━━━━━ Data provided

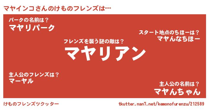 | 男性向けラノベタイトル風あだ名 | 『おまえをオタクにしてやるから、俺をマヤインコにしてくれ! 』 |
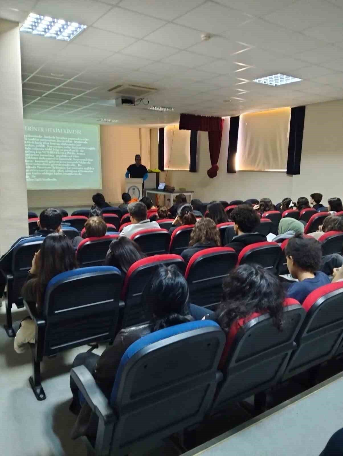 Kemer Belediyesi Hayvan Barındırma Tedavi ve Rehabilitasyon Merkezi görevlileri Göynük Fen Lisesi öğrencilerine veteriner hekimliği hakkında seminer verdi.
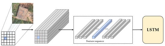 As a deep regression neural network, LSTM can handle long-term relationships of memory sequence information [22]. Many remote sensing image classification studies use LSTM to extract spatial and spectral features from images [23,24,25]. In this study, LSTM was used to explore the contextual dependencies between different regional feature sequences. The generation of feature sequences is the key to learning contextual feature dependencies. As shown in Figure 3, was transformed into a feature sequence , where . Each C-dimensional feature vector was fed into the LSTM sequentially as a feature sequence.
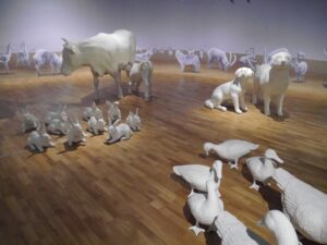 Puis on arrive à un espace où sont exposés des animaux de ferme, tous blancs et au plafond des bancs de poissons , blancs également, pour nous rappeler que les animaux sont là pour nourrir les humains.

━━━━━━━━━━

Problem details:
In your copy of the listing above, reproduce each line exactly and omit all pictures.

Reply:
 | 男性向けラノベタイトル風あだ名 | 『おまえをオタクにしてやるから、俺をマヤインコにしてくれ! 』 |
 Kemer Belediyesi Hayvan Barındırma Tedavi ve Rehabilitasyon Merkezi görevlileri Göynük Fen Lisesi öğrencilerine veteriner hekimliği hakkında seminer verdi.
 As a deep regression neural network, LSTM can handle long-term relationships of memory sequence information [22]. Many remote sensing image classification studies use LSTM to extract spatial and spectral features from images [23,24,25]. In this study, LSTM was used to explore the contextual dependencies between different regional feature sequences. The generation of feature sequences is the key to learning contextual feature dependencies. As shown in Figure 3, was transformed into a feature sequence , where . Each C-dimensional feature vector was fed into the LSTM sequentially as a feature sequence.
 Puis on arrive à un espace où sont exposés des animaux de ferme, tous blancs et au plafond des bancs de poissons , blancs également, pour nous rappeler que les animaux sont là pour nourrir les humains.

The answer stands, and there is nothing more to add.